# EXERCISE
Using the data below, set down every line from the one containing "Specification: 300W Portable" through the one containing "Upper Waterton Lake, at", inclusive and unchanged. Pictures are to be skipped.

# RECORDS SHOWN
##############################

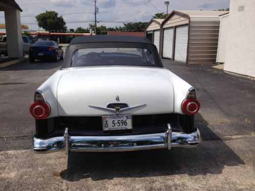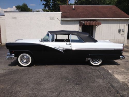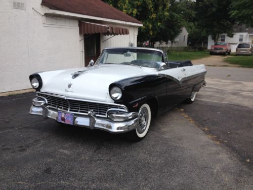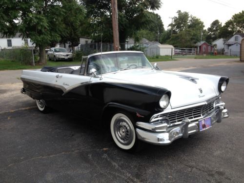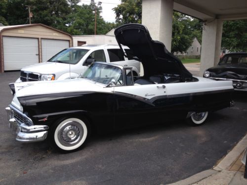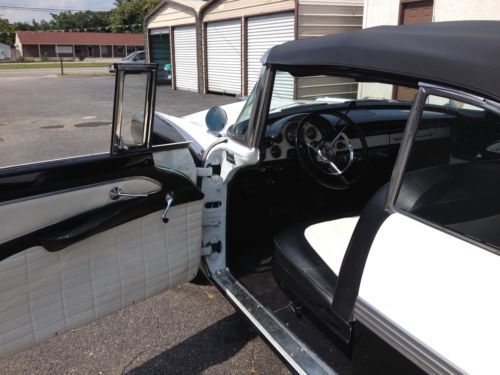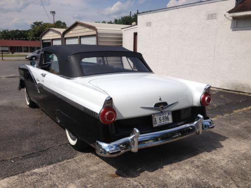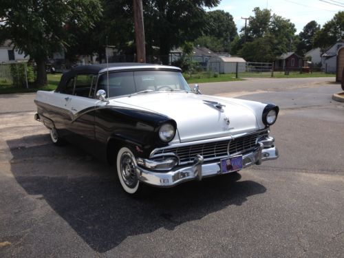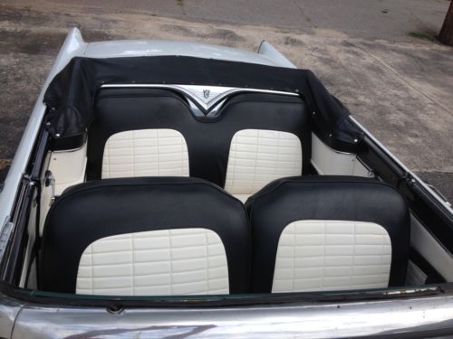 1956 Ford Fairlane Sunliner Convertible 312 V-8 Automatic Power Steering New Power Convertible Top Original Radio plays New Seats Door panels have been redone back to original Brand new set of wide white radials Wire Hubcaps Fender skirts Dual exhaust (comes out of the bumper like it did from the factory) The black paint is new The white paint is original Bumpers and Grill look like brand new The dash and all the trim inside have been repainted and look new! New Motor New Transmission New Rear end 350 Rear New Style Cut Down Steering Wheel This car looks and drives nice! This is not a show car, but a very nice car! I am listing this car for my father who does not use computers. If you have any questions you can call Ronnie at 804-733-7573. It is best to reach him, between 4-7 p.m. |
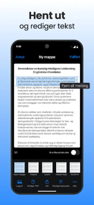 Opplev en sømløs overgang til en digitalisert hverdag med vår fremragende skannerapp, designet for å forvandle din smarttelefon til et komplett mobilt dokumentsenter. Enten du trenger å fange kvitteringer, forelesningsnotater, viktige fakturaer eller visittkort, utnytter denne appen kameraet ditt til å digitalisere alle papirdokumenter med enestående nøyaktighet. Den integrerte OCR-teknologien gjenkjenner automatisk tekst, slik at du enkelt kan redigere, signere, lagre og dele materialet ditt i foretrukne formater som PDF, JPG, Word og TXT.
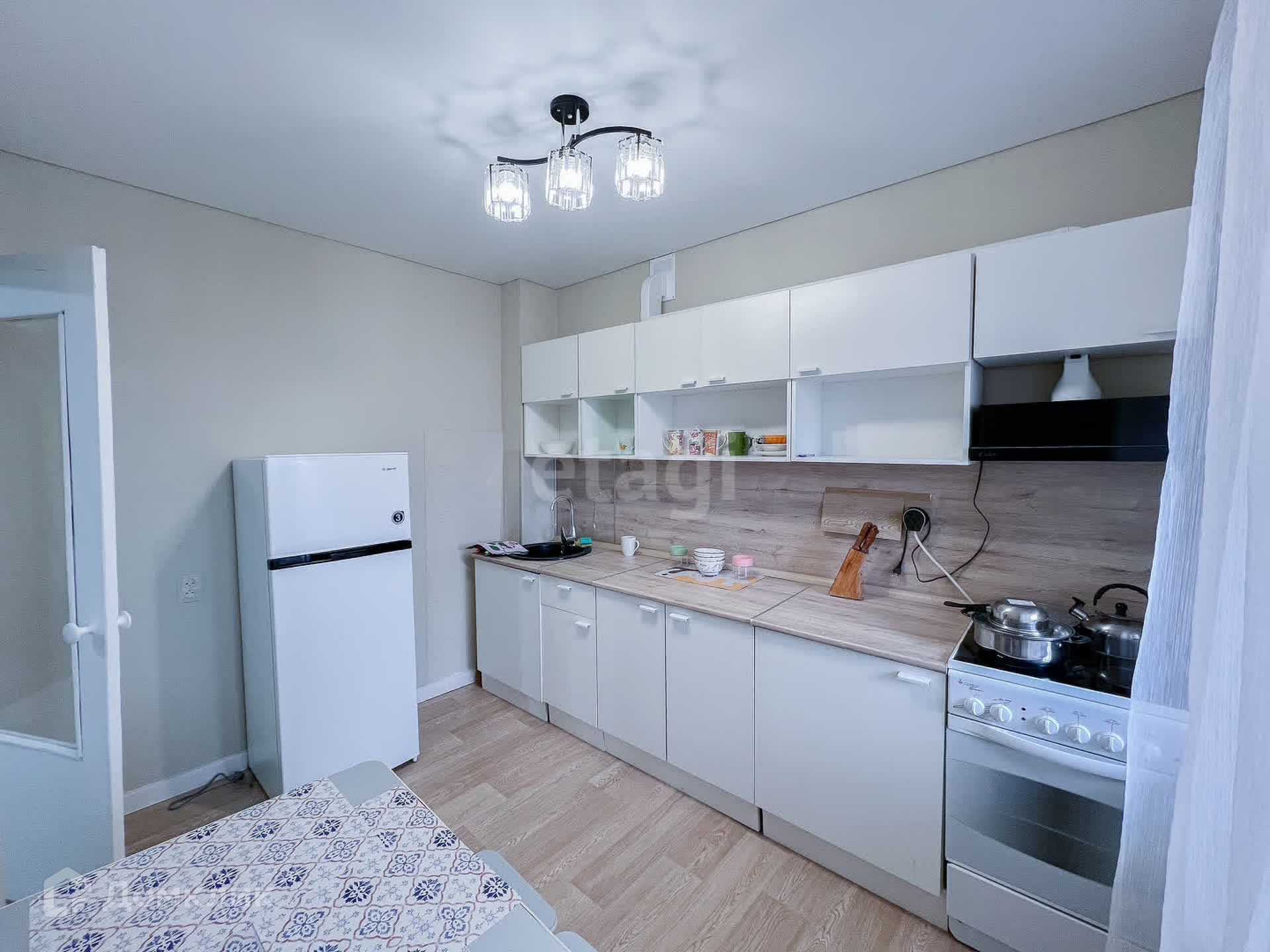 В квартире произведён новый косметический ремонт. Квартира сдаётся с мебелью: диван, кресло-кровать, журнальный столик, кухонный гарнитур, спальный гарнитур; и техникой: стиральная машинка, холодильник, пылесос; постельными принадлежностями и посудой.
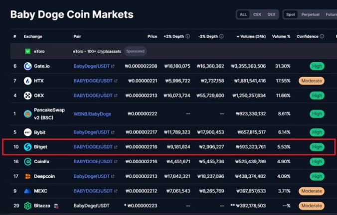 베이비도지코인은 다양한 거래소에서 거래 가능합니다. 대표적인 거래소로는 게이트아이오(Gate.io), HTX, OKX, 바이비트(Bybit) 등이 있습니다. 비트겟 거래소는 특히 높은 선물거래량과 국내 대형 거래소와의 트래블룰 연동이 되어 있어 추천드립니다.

##############################

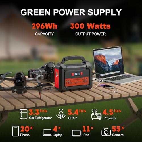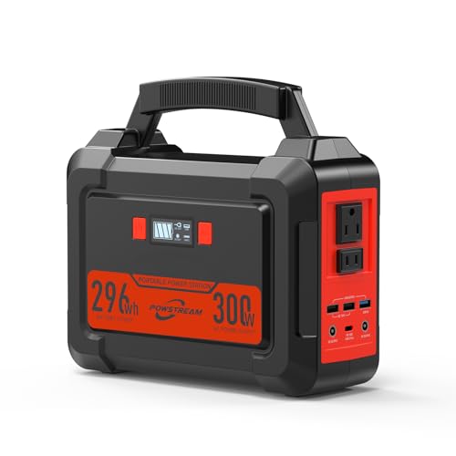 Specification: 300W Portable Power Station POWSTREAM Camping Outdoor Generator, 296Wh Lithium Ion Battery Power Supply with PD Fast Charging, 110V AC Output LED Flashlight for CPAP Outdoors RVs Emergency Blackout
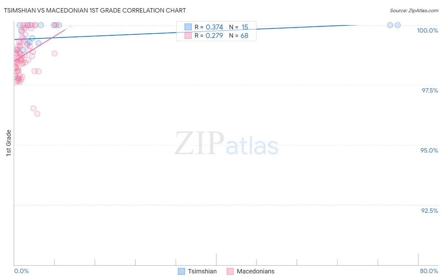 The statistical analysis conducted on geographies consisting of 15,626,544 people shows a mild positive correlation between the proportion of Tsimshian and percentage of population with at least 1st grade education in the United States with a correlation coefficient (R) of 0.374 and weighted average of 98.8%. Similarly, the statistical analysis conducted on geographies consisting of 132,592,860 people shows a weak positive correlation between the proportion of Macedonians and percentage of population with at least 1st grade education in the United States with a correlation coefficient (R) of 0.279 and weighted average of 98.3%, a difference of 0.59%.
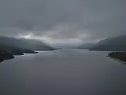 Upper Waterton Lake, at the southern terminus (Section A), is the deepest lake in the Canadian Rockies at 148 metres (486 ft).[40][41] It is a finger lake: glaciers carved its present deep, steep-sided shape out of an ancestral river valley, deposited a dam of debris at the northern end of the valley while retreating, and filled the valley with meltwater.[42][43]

##############################

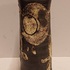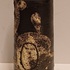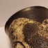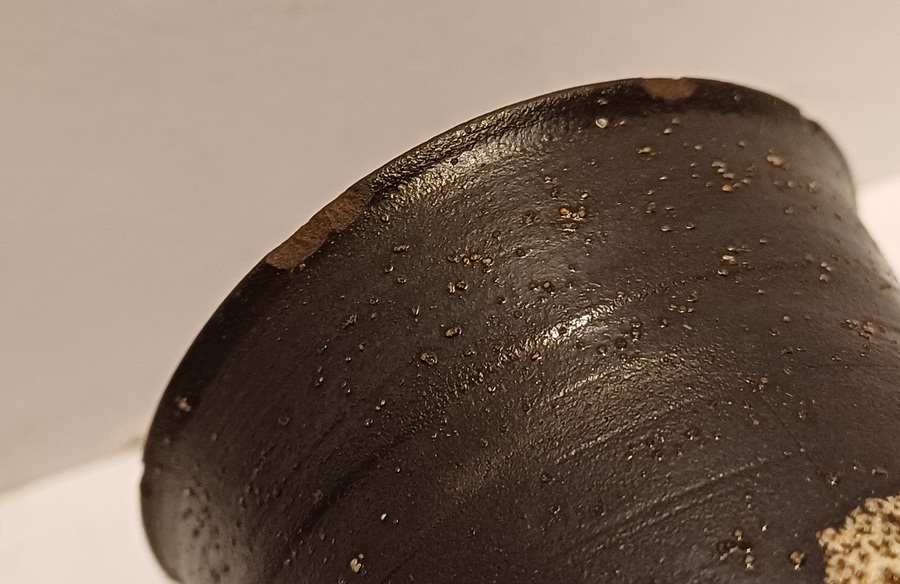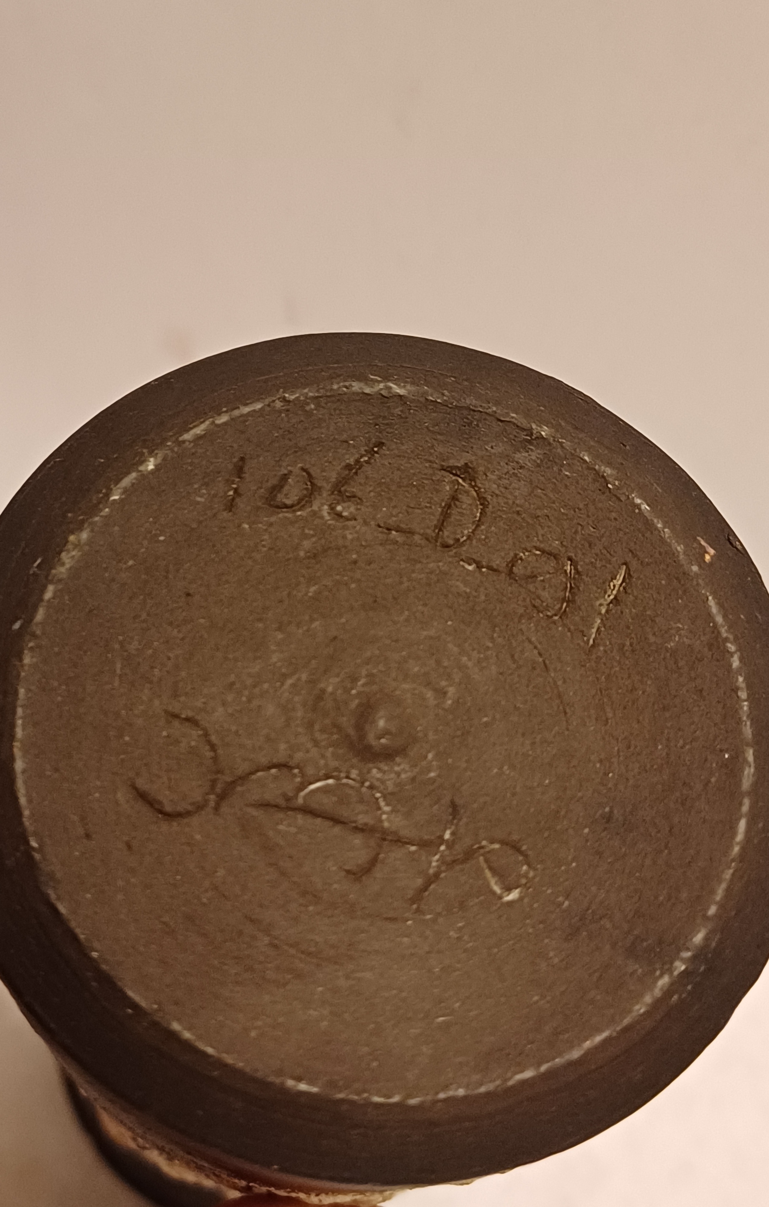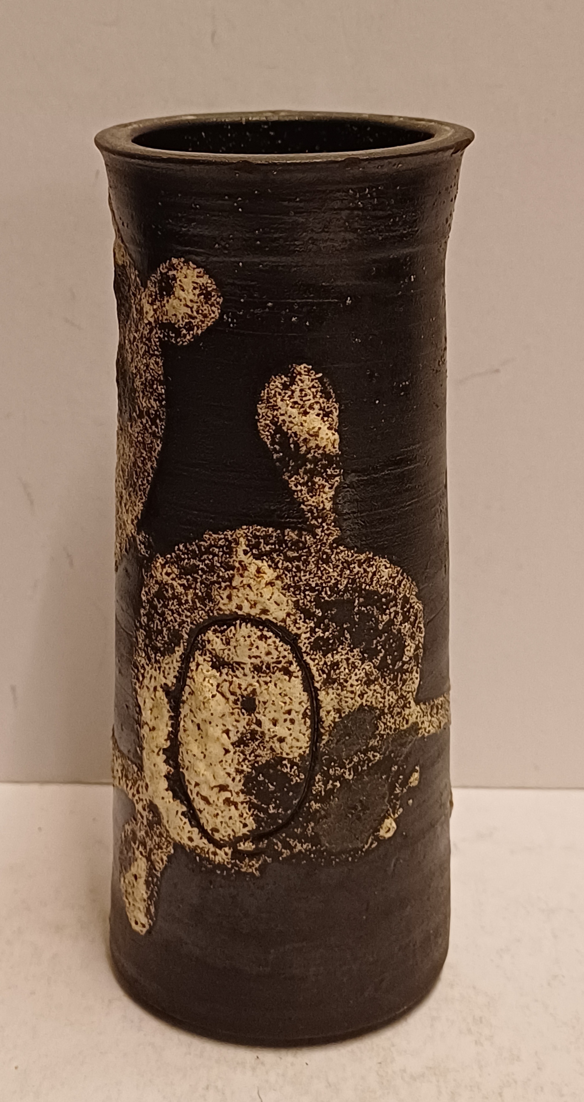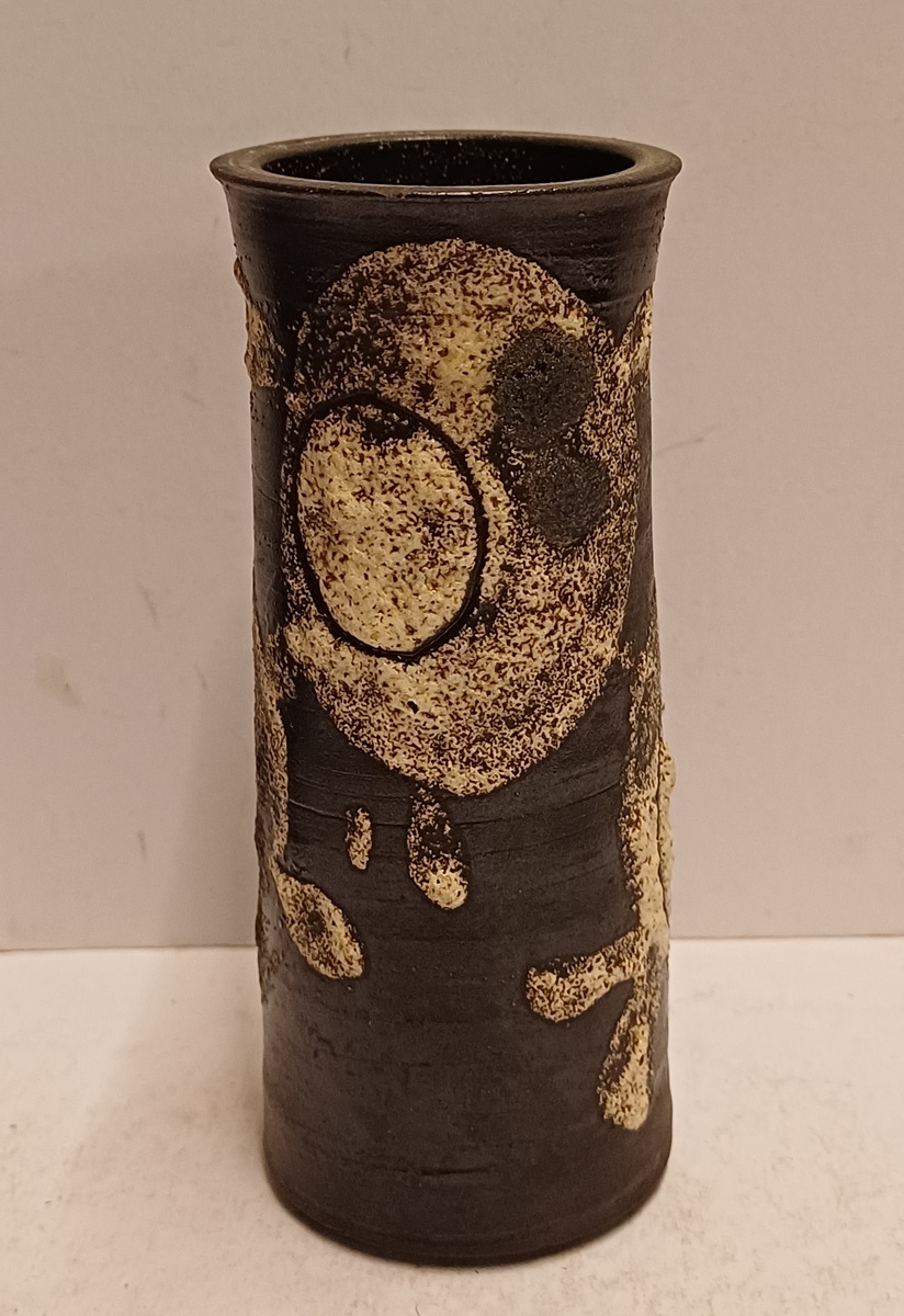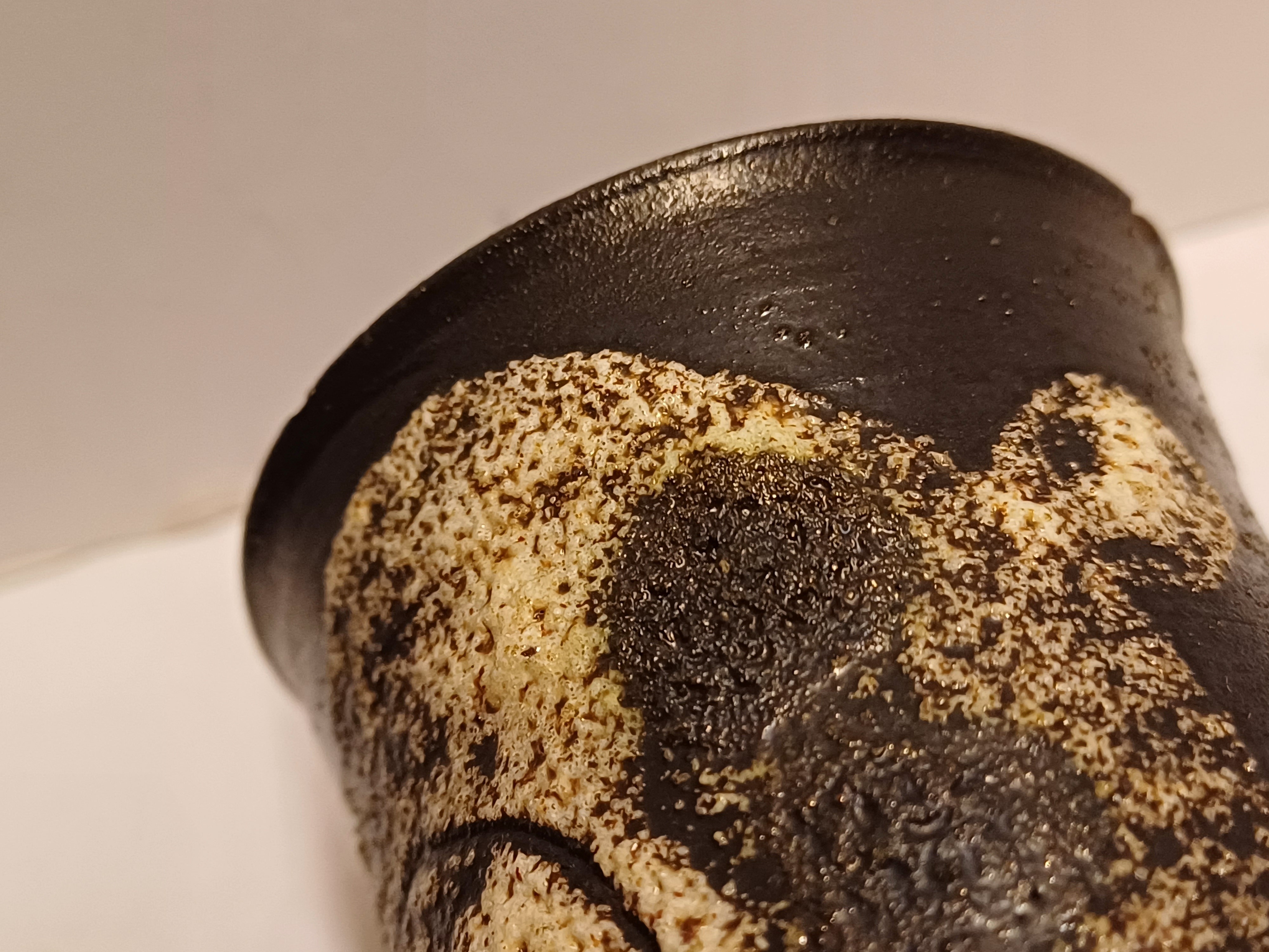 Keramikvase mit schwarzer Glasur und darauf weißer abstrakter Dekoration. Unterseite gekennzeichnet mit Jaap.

##############################

# ANSWER
 Specification: 300W Portable Power Station POWSTREAM Camping Outdoor Generator, 296Wh Lithium Ion Battery Power Supply with PD Fast Charging, 110V AC Output LED Flashlight for CPAP Outdoors RVs Emergency Blackout
 The statistical analysis conducted on geographies consisting of 15,626,544 people shows a mild positive correlation between the proportion of Tsimshian and percentage of population with at least 1st grade education in the United States with a correlation coefficient (R) of 0.374 and weighted average of 98.8%. Similarly, the statistical analysis conducted on geographies consisting of 132,592,860 people shows a weak positive correlation between the proportion of Macedonians and percentage of population with at least 1st grade education in the United States with a correlation coefficient (R) of 0.279 and weighted average of 98.3%, a difference of 0.59%.
 Upper Waterton Lake, at the southern terminus (Section A), is the deepest lake in the Canadian Rockies at 148 metres (486 ft).[40][41] It is a finger lake: glaciers carved its present deep, steep-sided shape out of an ancestral river valley, deposited a dam of debris at the northern end of the valley while retreating, and filled the valley with meltwater.[42][43]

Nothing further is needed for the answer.